Thewlis auditioned for the role of Quirinus Quirrell in the Chris Columbus directed film Harry Potter and the Philosopher's Stone, but the part went to Ian Hart. Despite missing out on the first film, he was cast in 2004 as Professor Remus Lupin in Harry Potter and the Prisoner of Azkaban. He did not have to audition as he was director Alfonso Cuarón's first choice for the role. Thewlis reprised the role in four other films in the series.
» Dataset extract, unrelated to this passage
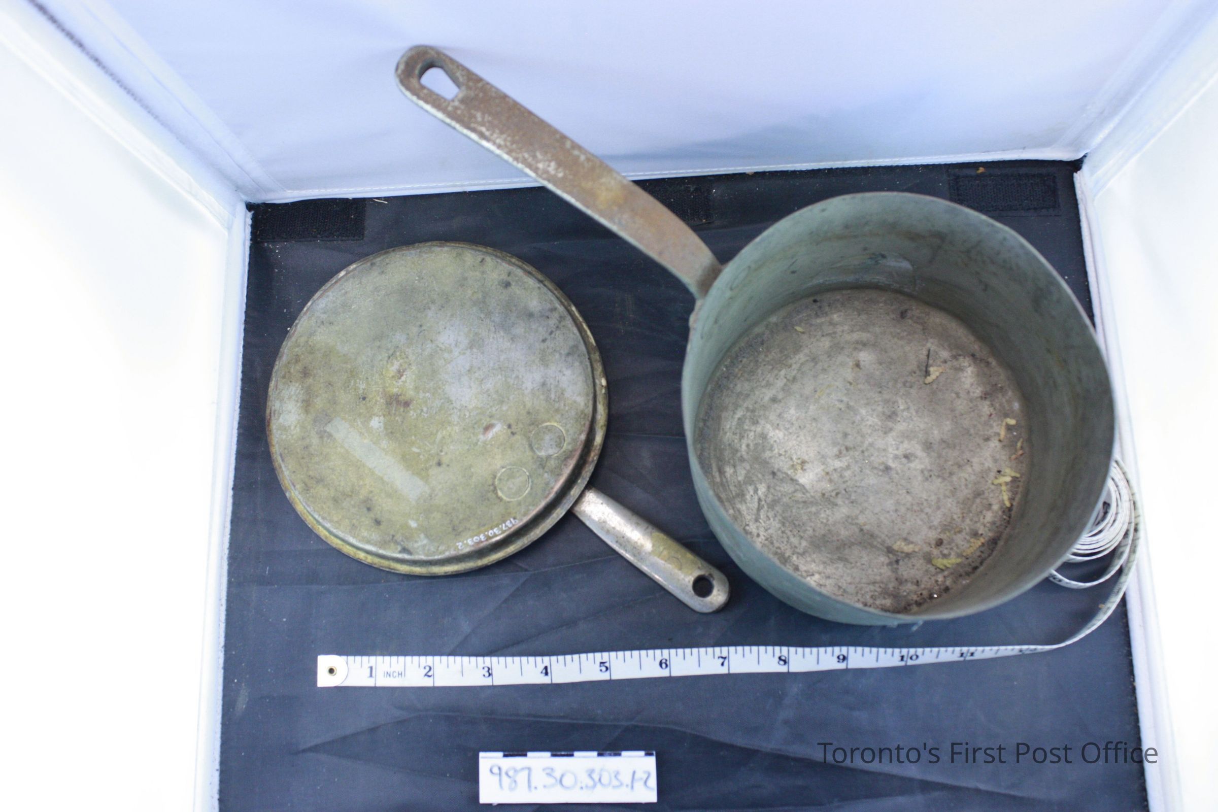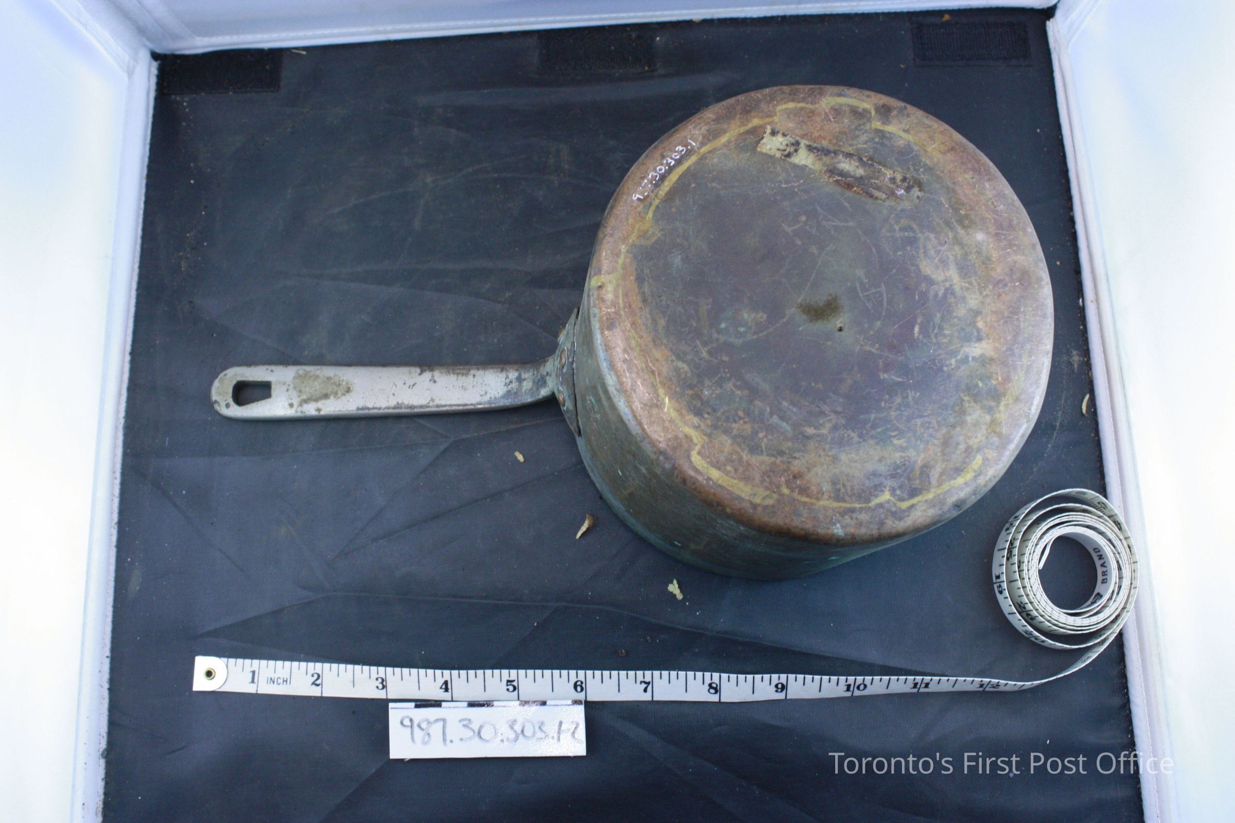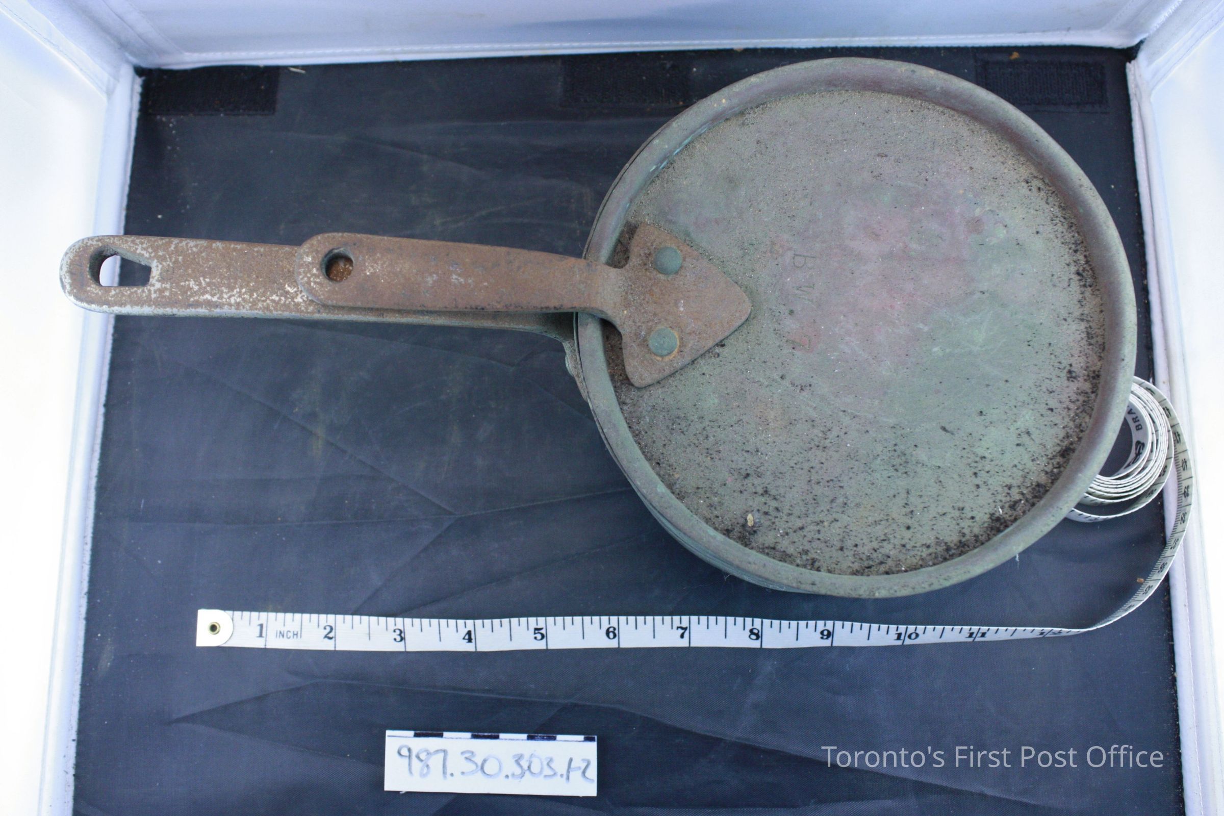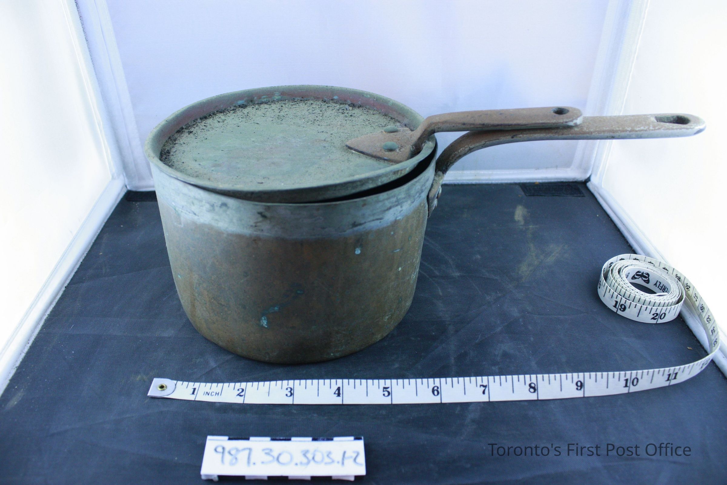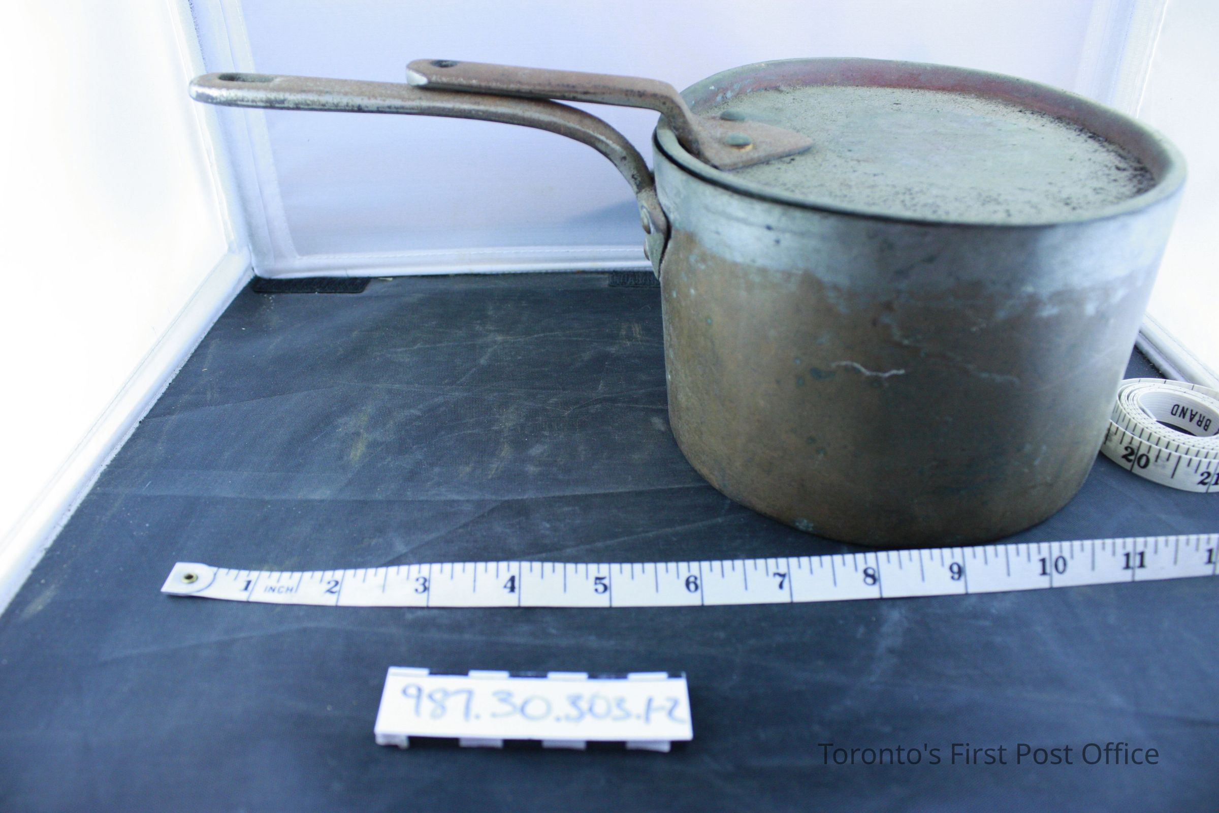 .1 = copper exterior; interior is tin lined; imprinted: "B.W.10"; with handle joined with three rivets; .2 = copper; imprinted on top: "B.W.7"; with cast iron handle with hole at end; handle attached with two rivets.Dimensions
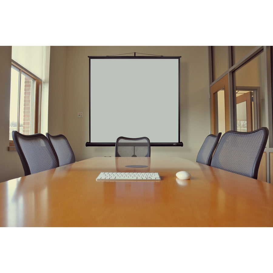• 85-inch Diagonal, 1:1 Aspect Ratio. View Size: 60.0″ H x 60.0″ W. Overall Size: 105.7″ H x 66.8″ W x 43.3″ D. Black Case.

Thewlis appeared as an SS Commandant of a Nazi death camp and father of the main character in The Boy in the Striped Pyjamas, which was well received. His other credits include Ridley Scott's Kingdom of Heaven (2005), Terrence Malick's The New World (2005), and The Omen (2006).

Thewlis played Dr Michael Aris, husband of Aung San Suu Kyi, with Malaysian actress Michelle Yeoh as Suu Kyi, in the biopic The Lady (2011), directed by Luc Besson. In 2012, he received an International Festival of Independent Cinema Off Plus Camera Award. In the same year, he played in Separate We Come, Separate We Go, directed by Bonnie Wright.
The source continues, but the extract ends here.